I was talking to someone on FB about why people chose not to identify as a feminist. I don’t. I wouldn’t deny being a feminist if someone asked me. But when I’m making an “About me” section somewhere, that’s never something I claim to be.

To my mind, being a feminist means you believe in equality of opportunity and access for everyone, regardless of gender. But really, the last three words are superfluous. Equality of opportunity and access for everyone is a simple concept, and one that should be the default setting for all human beings. If you aren’t doing that, if you believe some people don’t deserve the opportunities and access that you have–that’s what needs a label. That kind of malarky should be stated upfront to anyone who has to interact with you in any meaningful way.

But then…
Many outspoken feminists think it’s their right and duty to police the language, humor, and perspective of anyone who doesn’t see every issue exactly as they do. I have super strong feelings that context and intent should be part of every process by which we gauge the speech of others. But I hear a lot that if anyone’s feelings are hurt, context and intent don’t matter. I would hate to be mistaken for someone who longs to restrict the words of others, or who infers hate where none is intended. I don’t think policing language is helpful or that it’s a road to equality.

Discussing language is vital, and it’s everyone’s right to make people aware if their language is hurtful. People who do that should be respected, not mocked. At the same time, there’s a difference between language that is hateful and hurtful, and language that is clumsy and careless. While both can hurt, only one is intentional. Accusing and ostracizing, judging and lecturing–that’s not the way to have the kind of conversation that actually inspires change. If it’s worth it to say something, that something should be educational, informative, and kind.
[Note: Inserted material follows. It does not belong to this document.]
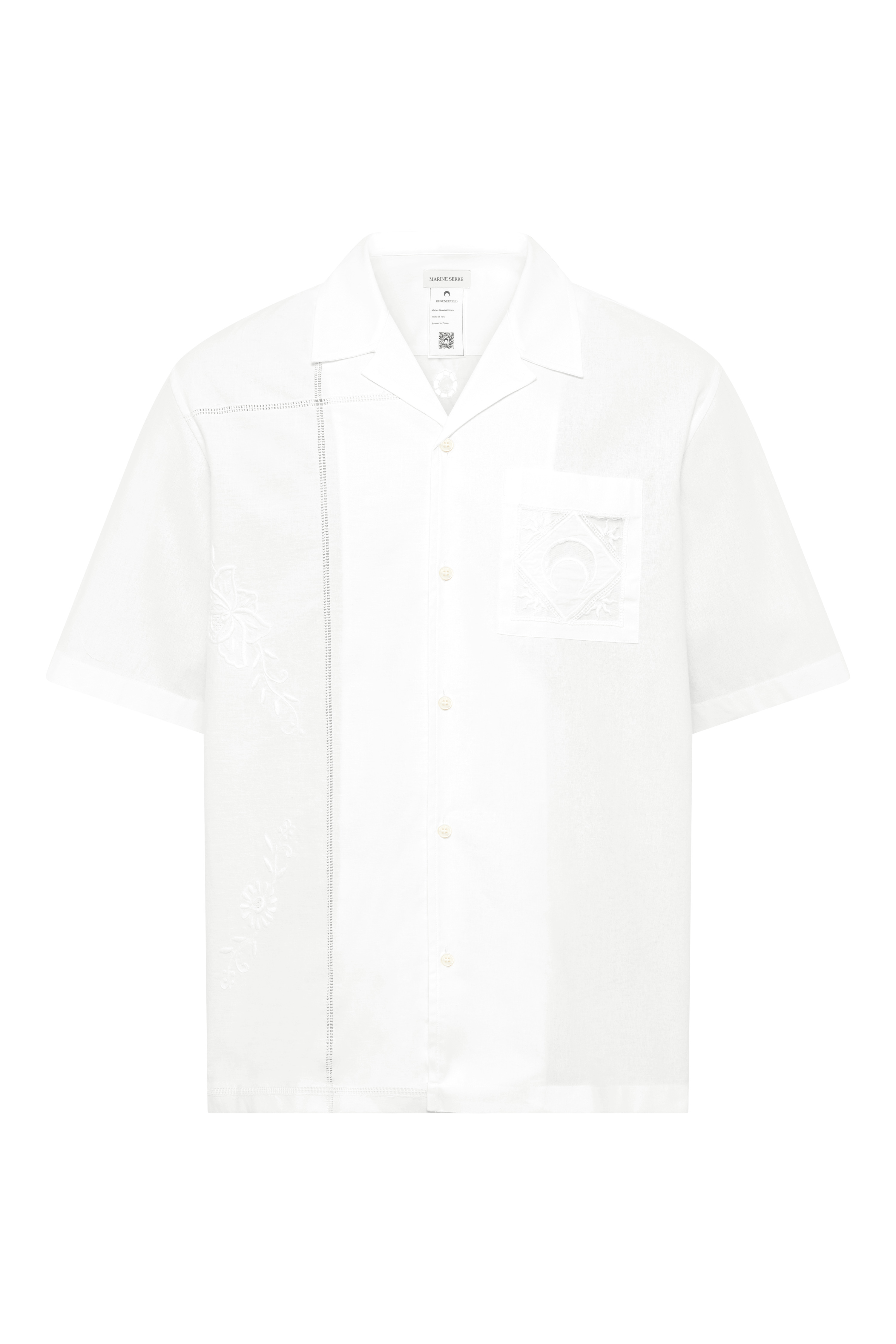 - Buttoned front - Applied pocket on left breast - Back yoke - Upcycled household linen embroideries in front - Pin hem - Lace branded patch embroidered on front pocket Materials Household Linen White Material : Pillowcases From & Date of Sourcing : UK, 1960s Place of Transformation : France This extraordinary fabric is part of the core materials of the House. The forgotten techniques of the upcycled embroidered household linen are saved from oblivion and regenerated into unique, transcending garments evoking soft, delicate and sensual imagery. All these one-of-a-kind pieces are filled with history through their embroideries, all smoothly placed to highlight the beauty of this rare fabric. The white tones of the pillowcases are also dyed in black to play with the ceremonial references. 100% Cotton

Of course people also have a responsibility not to abuse language, or to use language they know damn well is hurtful or offensive to someone within earshot. Save racism, sexism, homophobia, and every other bigotry until you’re alone with your fellow bigots. Choosing to use words intended to demean, insult, minimize, or marginalize others makes you an asshole. Yes, you get freedom of speech, asshole. That’s why I have the freedom to tell you what an asshole you are.

I love language, and it pisses me off that there are people who use it to hurt others. It pisses me off that people think attempts to control language will impact the hate that inspires it. Given all the amazing things words can do, it’s a shame how some will insist on using them for destructive purposes.